■ **What the task asks**: Drop the pictures and extract exactly the lines from the one that contains "为深入开展好党的群众路线教育" through the end of the material.

Collected material: Begin

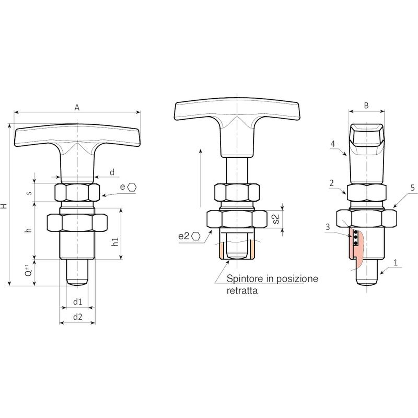 (1) Perno spintore in acciaio ad alta resistenza e temprato.
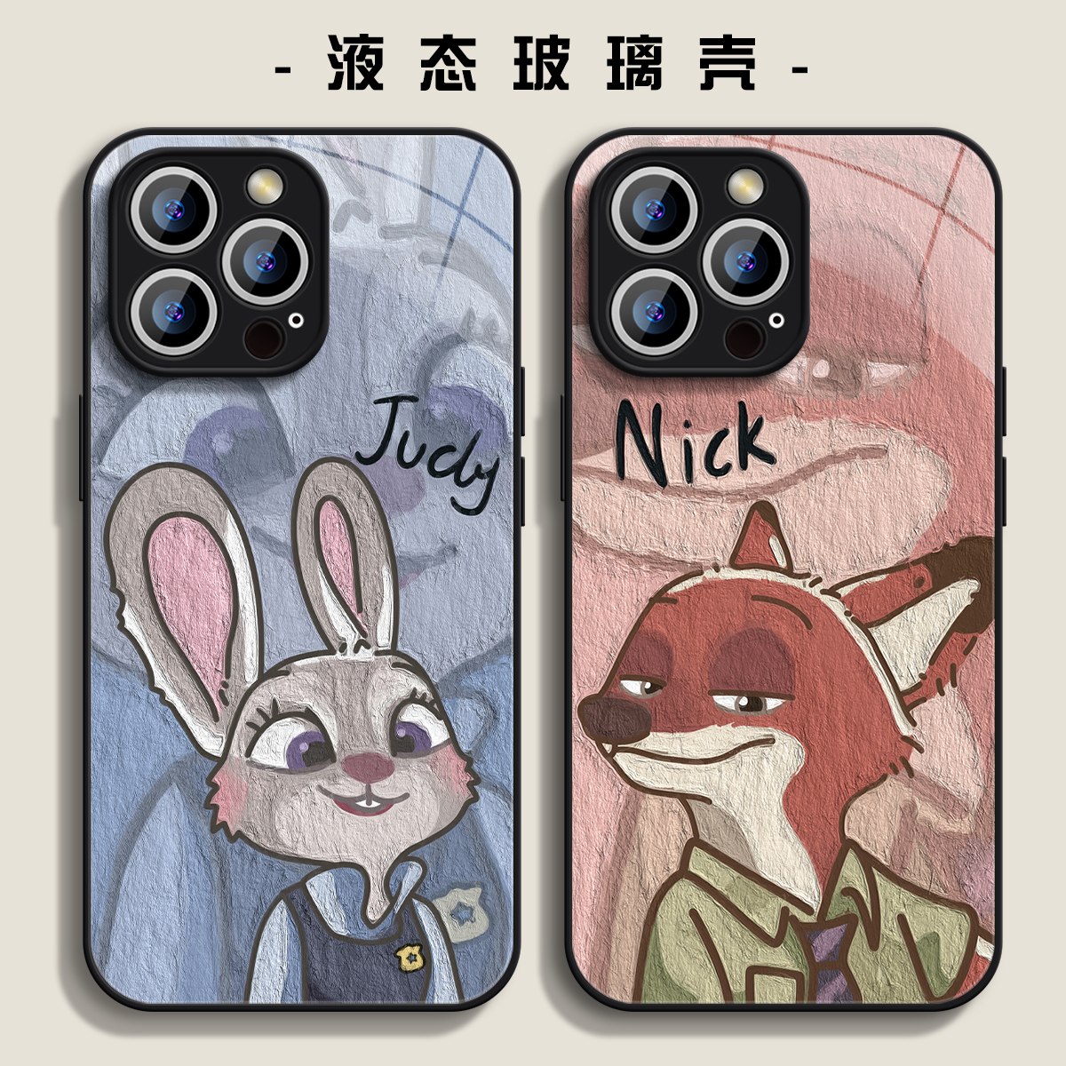适用于苹果17系列/15手机壳疯狂动物城2朱迪尼克iphone16promax可爱卡通14plus情侣13/12/11玻璃xr硬78plus/6
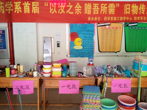 为深入开展好党的群众路线教育实践活动,深入学生宿舍了解学生诉求,用心服务学生。6月19日,药学系举办第一届“以汝之余,赠吾所需”旧物传递活动。
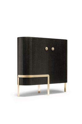 La collezione comprende credenza, mobile bar, porta TV, toilette e comodino: i profili arrotondati interagiscono con la lineare ed esile struttura metallica delle gambe, mentre materiali come metallo, legno, tessuto e marmo delineano sofisticati contrappunti materici che avvolgono ogni pezzo.

Collected material: End

■ **Final answer**:
 为深入开展好党的群众路线教育实践活动,深入学生宿舍了解学生诉求,用心服务学生。6月19日,药学系举办第一届“以汝之余,赠吾所需”旧物传递活动。
 La collezione comprende credenza, mobile bar, porta TV, toilette e comodino: i profili arrotondati interagiscono con la lineare ed esile struttura metallica delle gambe, mentre materiali come metallo, legno, tessuto e marmo delineano sofisticati contrappunti materici che avvolgono ogni pezzo.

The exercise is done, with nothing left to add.